Open-Access: This article is an open-access article that was selected by an in-house editor and fully peer-reviewed by external reviewers. It is distributed in accordance with the Creative Commons Attribution NonCommercial (CC BY-NC 4.0) license, which permits others to distribute, remix, adapt, build upon this work non-commercially, and license their derivative works on different terms, provided the original work is properly cited and the use is non-commercial. See: http://creativecommons.org/Licenses/by-nc/4.0/
Corresponding author: Mercedes Perez-Carreras, MD, PhD, Associate Professor, Medical Specialist. Gastroenterology and Hepatology Unit, 12 de Octubre Universitary Hospital, Av. de Córdoba s/n, Madrid 28041, Spain. mpcarreras@salud.madrid.org
Received: May 20, 2021 Peer-review started: May 20, 2021 First decision: June 12, 2021 Revised: July 4, 2021 Accepted: September 16, 2021 Article in press: September 16, 2021 Published online: November 7, 2021
Abstract
Non-alcoholic fatty liver disease (NAFLD) is currently considered the most common cause of liver disease. Its prevalence is increasing in parallel with the obesity and type 2 diabetes mellitus (DM2) epidemics in developed countries. Several recent studies have suggested that NAFLD may be the hepatic manifestation of a systemic inflammatory metabolic disease that also affects other organs, such as intestine, lungs, skin and vascular endothelium. It appears that local and systemic proinflammatory/anti-inflammatory cytokine imbalance, together with insulin resistance and changes in the intestinal microbiota, are pathogenic mechanisms shared by NAFLD and other comorbidities. NAFLD is more common in patients with extrahepatic diseases such as inflammatory bowel disease (IBD), obstructive syndrome apnea (OSA) and psoriasis than in the general population. Furthermore, there is evidence that this association has a negative impact on the severity of liver lesions. Specific risk characteristics for NAFLD have been identified in populations with IBD (i.e. age, obesity, DM2, previous bowel surgery, IBD evolution time, methotrexate treatment), OSA (i.e. obesity, DM2, OSA severity, increased transaminases) and psoriasis (i.e. age, metabolic factors, severe psoriasis, arthropathy, elevated transaminases, methotrexate treatment). These specific phenotypes might be used by gastroenterologists, pneumologists and dermatologists to create screening algorithms for NAFLD. Such algorithms should include non-invasive markers of fibrosis used in NAFLD to select subjects for referral to the hepatologist. Prospective, controlled studies in NAFLD patients with extrahepatic comorbidities are required to demonstrate a causal relationship and also that appropriate multidisciplinary management improves these patients’ prognosis and survival.

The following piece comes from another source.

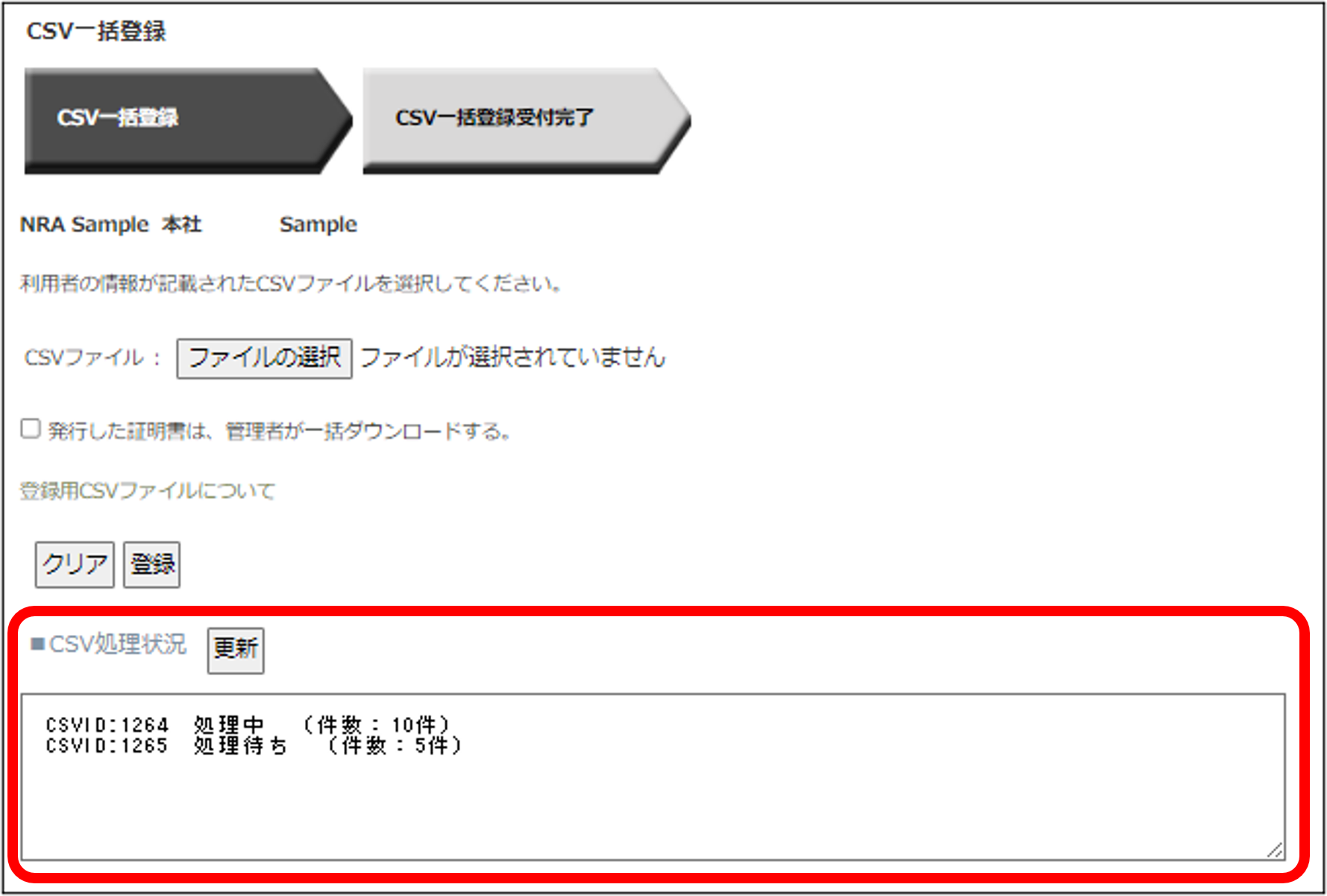 ※CSV一括登録画面よりCSV処理状況をご確認いただけます。「更新」ボタンを押下すると画面がリロードされ、最新の待ち状況が表示されます。

Core Tip: Non-alcoholic fatty liver disease (NAFLD) is currently considered the most common cause of liver disease. Its prevalence is increasing in parallel with the obesity and type 2 diabetes mellitus epidemics in developed countries. Several recent studies have suggested that NAFLD may be the hepatic manifestation of a systemic inflammatory metabolic disease that also affects other organs. This article reviews the currently available literature on issues relating to the co-existence of NAFLD and inflammatory bowel disease, obstructive syndrome apnea or psoriasis, with particular focus on the prevalence, risk factors and impact on clinical multidisciplinary management.